As a way of looking at Lost at the macro level, now that we have the capability and the data to do so, is to recognize our narrative focus. In the case of Lost, I can accept that the characters were the story I was meant to relate to throughout the series and I’ve long since come to an emotional understanding with myself regarding the finale and what it says about the individual characters finding themselves and each other with no regards to mystery or the fantastic. What motivates my re-watch is a willful attempt to find the other narrative, the one about the Island, which I remember as having just as many great character moments, but with the benefit of the moment-to-moment propulsion a mystery series can generate.
More importantly for this exercise, by attempting to excise a part of the story, we’re also forced to evaluate and define the rest of it.
In Lost, because the Flashes are used to provide the inter-episode tension for the main character arc, they are almost always tied to The A Plot–the story given the most on-screen time in any given episode.

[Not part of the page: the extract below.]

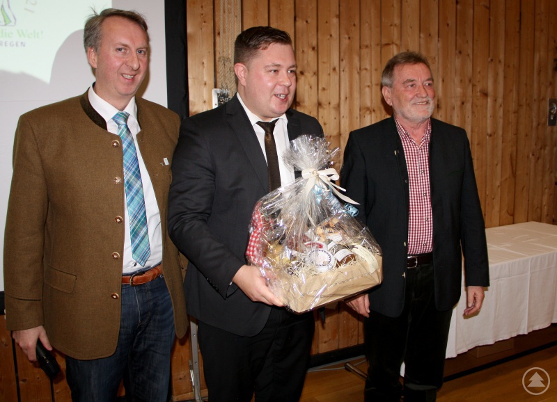 Zum Abschied bekam der Landrat noch ein kleines Geschenk. Der stellvertretende Landrat Helmut Plenk und der Agenda-Arbeitskreisvorsitzende Herbert Altmann überreichten einen Korb mit Schmankerln aus der Region.

Cutting the Flashes to focus only on the Island automatically strips away parts of any episodes A Plot. The Flashes and plot relate directly, so just focusing on the Island scenes leaves us with…well, basically only the “mythology” of the series.
Since we can identify the story-purpose of the Flashes then we acknowledge that cutting them out is basically like removing the heart of the show–the reasons we’ve invested in theses characters for six seasons–to better understand the circulatory system. (While fully expecting to find I’ve made a Frankenstein’s monster – Lindelof’s Monster?)